MolAxis: INPUT, OUTPUT AND USER INTERFACE
MolAxis is a free web server with a user-friendly interface, which contains seven pages: (i) about page that describes the algorithm behind MolAxis with a complete theoretical background at the bottom of the page; (ii) web server page that is the main page for submitting queries. When submission is complete the user is redirected to a results page.
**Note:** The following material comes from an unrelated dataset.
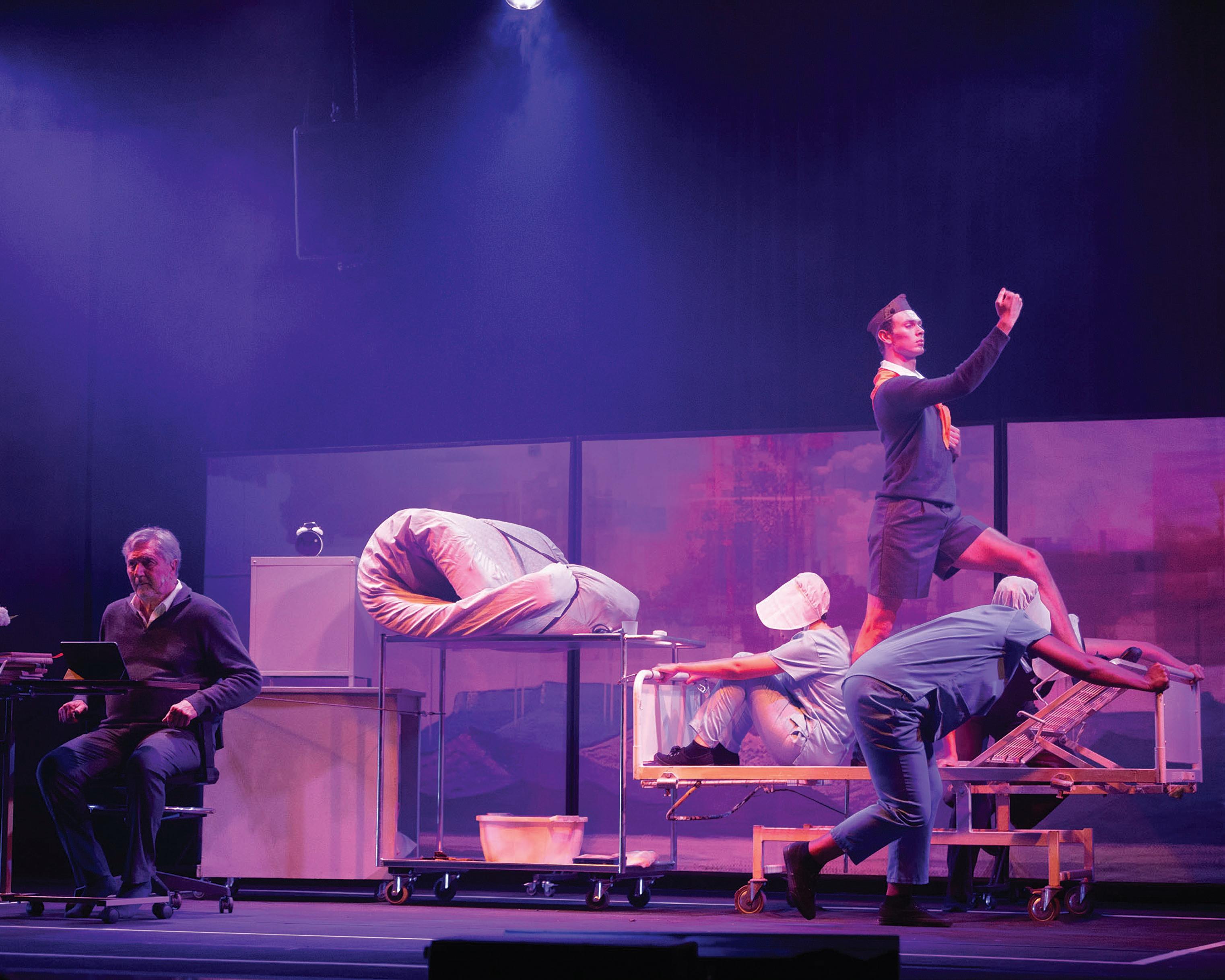 Nic de Jager, Daneel van der Walt, Jayden Dickson, Ntombi Makhutshi en Miché van Wyk deel die verhoog in Saartjie Botha se , onder regie van Wessel Pretorius. ’n Paar dae ná sy 90ste verjaarsdag word ’n emeritus professor oorweldig deur die lewe. Dit was ’n Saterdag, die Springbokke sou die middag speel, en sy rekenaar, foon, niks wou werk nie, alles het net te veel geraak. is ’n poging om sin te maak van sy konfrontasie met tegnologie. Foto: Hans van der Veen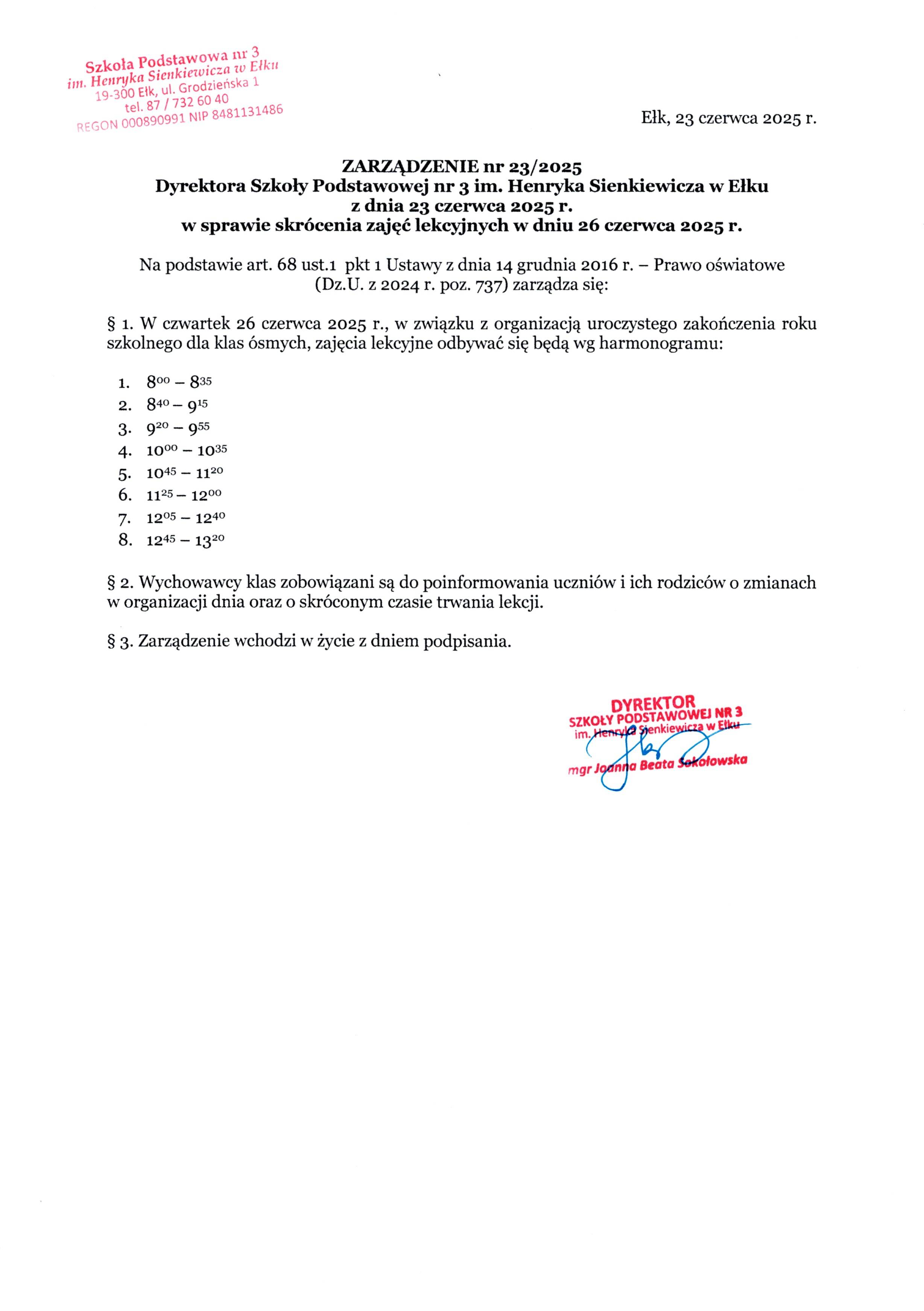 Akt prawny: ZARZĄDZENIE nr 23/2025 Dyrektora Szkoły Podstawowej nr 3 im. Henryka Sienkiewicza w Ełku z dnia 23 czerwca 2025 r. w sprawie skrócenia zajęć lekcyjnych w dniu 26 czerwca 2025 r.

This page is automatically refreshed every 5 seconds until the calculation completes; (iii) download page that contains a downloadable, stand-alone version for Linux operating system; (iv) help page that describes the parameters that can be modified by the user in the web server as well as in the stand-alone version and the output created by MolAxis; (v) FAQ page that presents questions and answers; (vi) links page that contains links to related web sites and (vii) tutorial page that describes how to run the MolAxis stand-alone version on several examples.
INPUT
MolAxis distinguishes between (i) channels that emanate from an inner chamber and (ii) TM channels. Therefore, there are two separate forms for the two channel types: chamber and transmembrane. Both forms require a single input structure in a Protein Data Bank (PDB) format (16). The PDB file can be uploaded to the server by using the browse button or can be automatically retrieved by the server from the PDB by entering a PDB code and chain ID. An optional e-mail address field exists and if filled, the link to the results page is sent to the specified address. Otherwise the link appears at the bottom of the results page.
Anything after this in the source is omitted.